Since playing the romantic Marianne Dashwood in the BBC mini-series of Jane Austen’s Sense and Sensibility, adapted by Andrew Davies, she has appeared in some noteworthy productions. She was unforgettable in the critically acclaimed Channel 4 drama Any Human Heart, a stunning series made up of a stellar cast including Jim Broadbent, Matthew Macfadyen, Hayley Atwell and Gillian Anderson. It deservedly won Best Miniseries at the BAFTA Television Awards in 2011.

Wolf Hall, based on the Man Booker prize-winning novels by Hilary Mantel, won major accolades both in the UK and USA. Taking a television BAFTA and Golden Globe in 2015, Charity played Mary Boleyn among a stunning line-up of the UK’s best acting talent.

Working both in the UK and America, Charity starred alongside Jennifer Lawrence and Bradley Cooper in the Susanne Bier-directed Serena set in depression-era North Carolina.
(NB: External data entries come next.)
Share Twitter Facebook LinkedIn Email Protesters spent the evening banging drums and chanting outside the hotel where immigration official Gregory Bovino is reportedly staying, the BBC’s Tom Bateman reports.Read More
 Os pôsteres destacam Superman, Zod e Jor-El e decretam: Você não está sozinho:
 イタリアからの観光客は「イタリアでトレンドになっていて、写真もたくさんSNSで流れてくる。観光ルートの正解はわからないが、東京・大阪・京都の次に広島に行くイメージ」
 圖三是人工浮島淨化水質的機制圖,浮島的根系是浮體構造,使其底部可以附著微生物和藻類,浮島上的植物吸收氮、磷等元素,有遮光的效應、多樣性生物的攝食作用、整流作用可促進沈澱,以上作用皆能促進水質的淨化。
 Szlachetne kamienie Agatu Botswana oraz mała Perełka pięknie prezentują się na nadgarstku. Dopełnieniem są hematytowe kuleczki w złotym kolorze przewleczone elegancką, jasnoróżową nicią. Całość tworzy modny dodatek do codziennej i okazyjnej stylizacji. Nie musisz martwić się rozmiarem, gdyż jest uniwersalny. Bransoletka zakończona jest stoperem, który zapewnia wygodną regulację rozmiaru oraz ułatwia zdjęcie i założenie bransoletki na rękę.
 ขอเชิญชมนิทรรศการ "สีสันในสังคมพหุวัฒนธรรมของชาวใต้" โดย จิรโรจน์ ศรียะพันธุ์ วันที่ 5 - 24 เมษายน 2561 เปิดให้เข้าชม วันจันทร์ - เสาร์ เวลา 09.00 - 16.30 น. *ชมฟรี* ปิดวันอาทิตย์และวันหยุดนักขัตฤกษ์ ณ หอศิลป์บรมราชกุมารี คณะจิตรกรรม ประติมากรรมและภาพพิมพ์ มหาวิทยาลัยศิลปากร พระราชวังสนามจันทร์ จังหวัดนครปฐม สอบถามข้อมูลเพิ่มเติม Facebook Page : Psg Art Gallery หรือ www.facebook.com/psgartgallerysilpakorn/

She appeared in crime thriller The Player for NBC with Wesley Snipes and gave a stand out performance in supernatural feature Mockingbird Lane, also for NBC. This was a re-imagining of the classic 1960s’ comedy The Munsters, directed by Hollywood filmmaker Bryan Singer.

Charity was Julia in Close To The Enemy for BBC Two, written and directed by Stephen Poliakoff, and ended last year as the guest star in one of the highest rating TV shows in the calendar, the Doctor Who Christmas Day special.
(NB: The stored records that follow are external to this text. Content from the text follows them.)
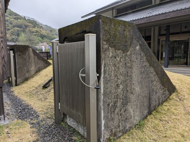 こちらは防空壕跡。1934年に佐伯海軍航空隊が開隊されます。この地にあった料亭は海軍士官の社交場となり、この防空壕はそんな士官のために築かれたと考えられています。入口はコンクリート、地上部分は盛土で目立たないようになっております。
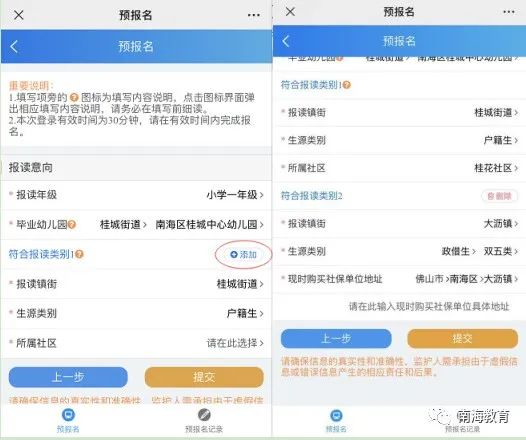 在“符合报读类别1”信息栏下,选择报读镇街后,选择生源类别,选择所属社区。如果家长需要选报两种报读类别,可点击“添加”按钮,即可填写两个报读类别信息,如图所示。
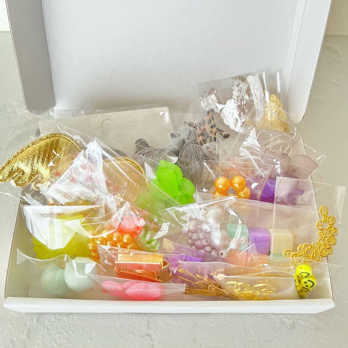 - ハンドメイド パーツ セット G 羽 リーフ ステッカー ピアス エアパール 金箔、銀箔、穴なしパール リーフパーツ 金属パーツ
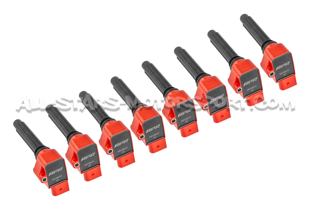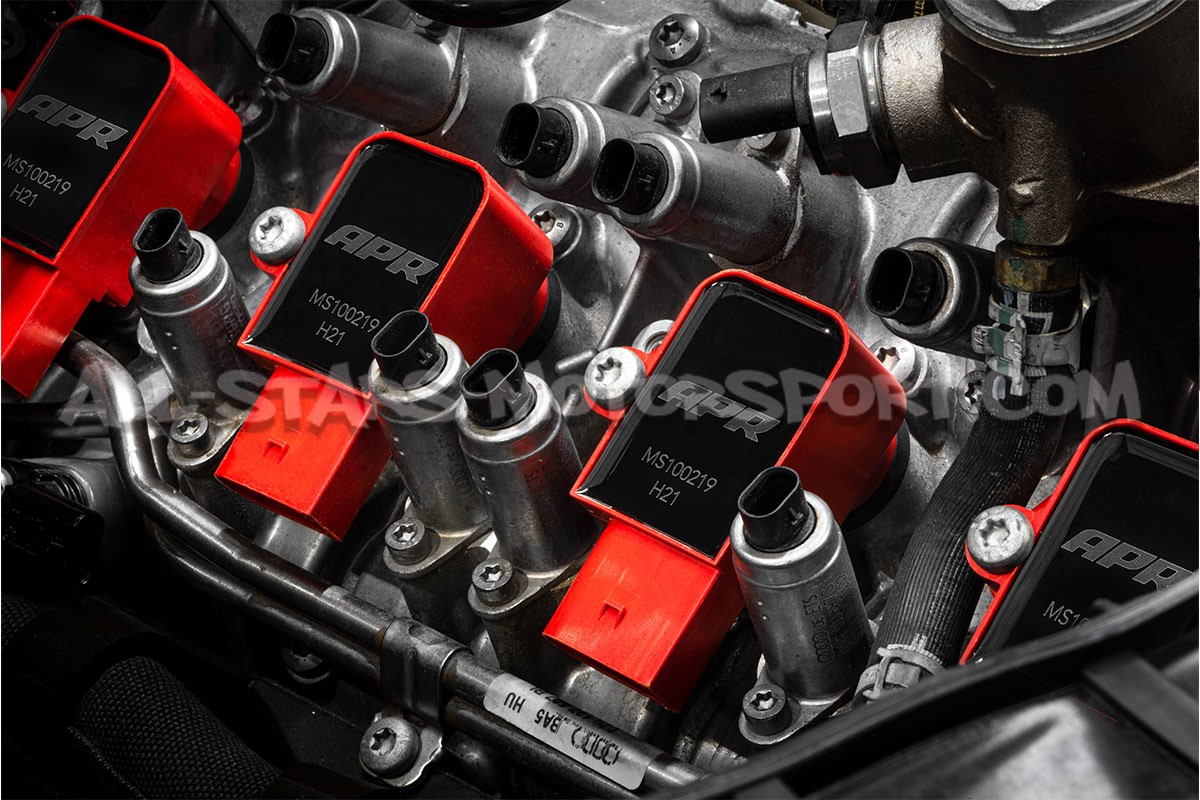Les bobines d’allumage APR haute performance constituent l'une des évolutions les plus simples à mettre en place sur les moteurs 4.0 TFSI EA824 équipant entre autres les Audi RS6 C7 / RS7 C7. Vendues en pack de 8 bobines, s'installant en remplacement direct des bobines de série, elles permettent d'obtenir à la fois un allumage plus stable et puissant mais également un look plus racé !
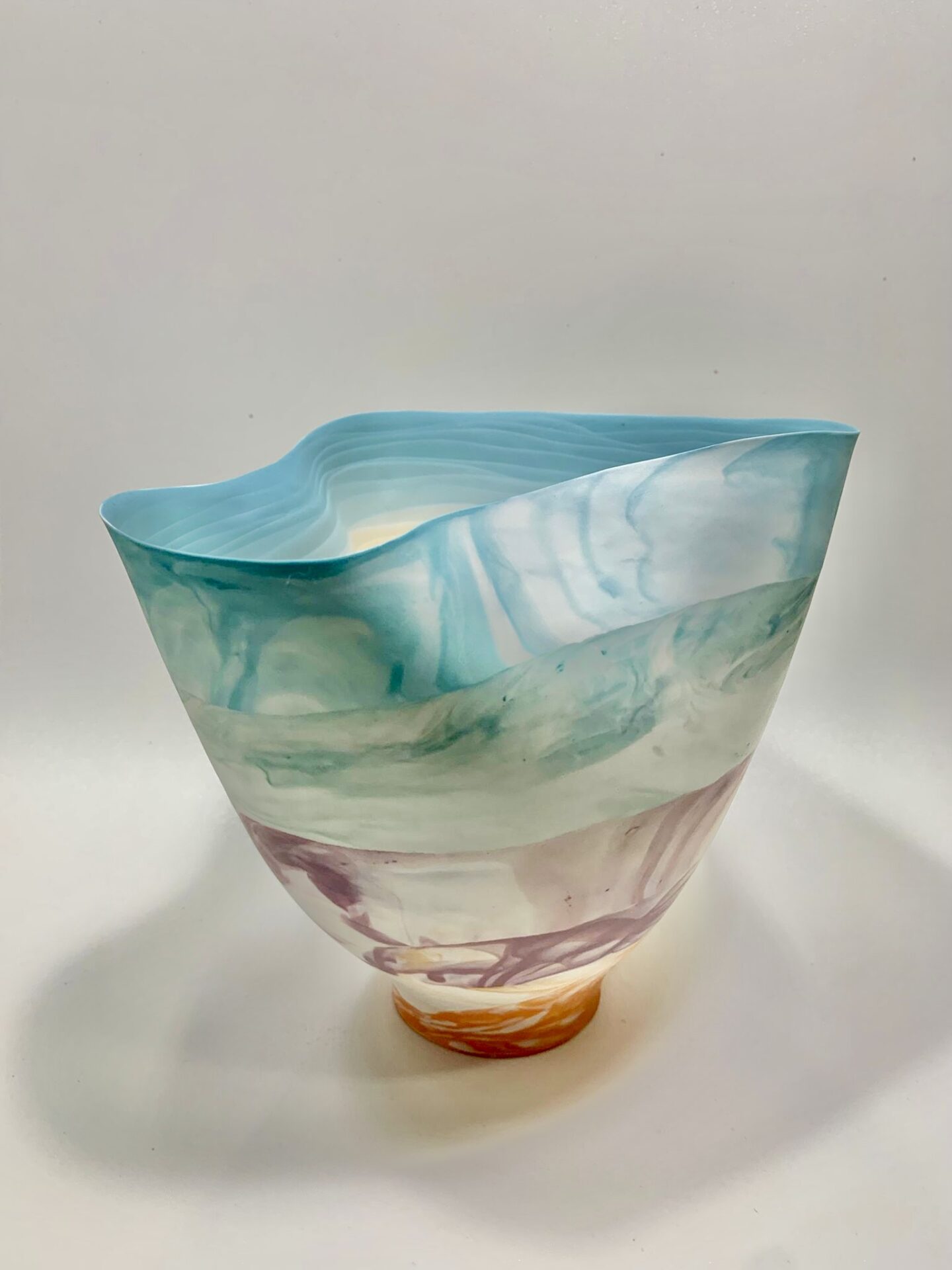 Horizons represents a skyscape that goes beyond what one is able to see, know, or anticipate. Handcrafted specially for Checkpoint Celebrates! 2024, the unique contours and patterns of the vessel present a landscape that changes when viewed from different angles. As you gaze upon the work, the experience calls to mind the ephemeral beauty around us, and the importance of taking a moment to slow down and appreciate it.

Earlier this year, Charity played the glamorous, bold and beautiful Charity Lambert in ITV’s drama The Halycon.

She was most recently seen in Ron Howard’s Emmy nominated Genius produced by Fox21 with Geoffrey Rush and Johnny Flynn in which she plays Betty Neumann, a romantic interest of Albert Einstein.

Her significant theatre experience includes a “beautifully executed” (LA Times) performance in The Cherry Orchard at the Olivier, National Theatre, directed by the late, great Howard Davies; Semina, The Blackest Black and No Naughty Bits, all at the Hampstead Theatre, and Candida at the Theatre Royal Bath.
Quick five from Charity
Q Last book read?
A
Sweet Caress by William Boyd.

Q Favourite fashion designer?
A
Valentino.

Q Stage or screen?
A
Both – I’ll never be able to choose between!

Q Old or new?
A
New, but only if it’s biodegradable.

Q What would be your motto?
A
Be in the moment. There is only now.

“I wanted to portray the truth of a woman living in that situation at that time. It is much more dangerous, dark and cold in the Tudor court than it is now. Anybody could be killed at any time, you have to remember that.”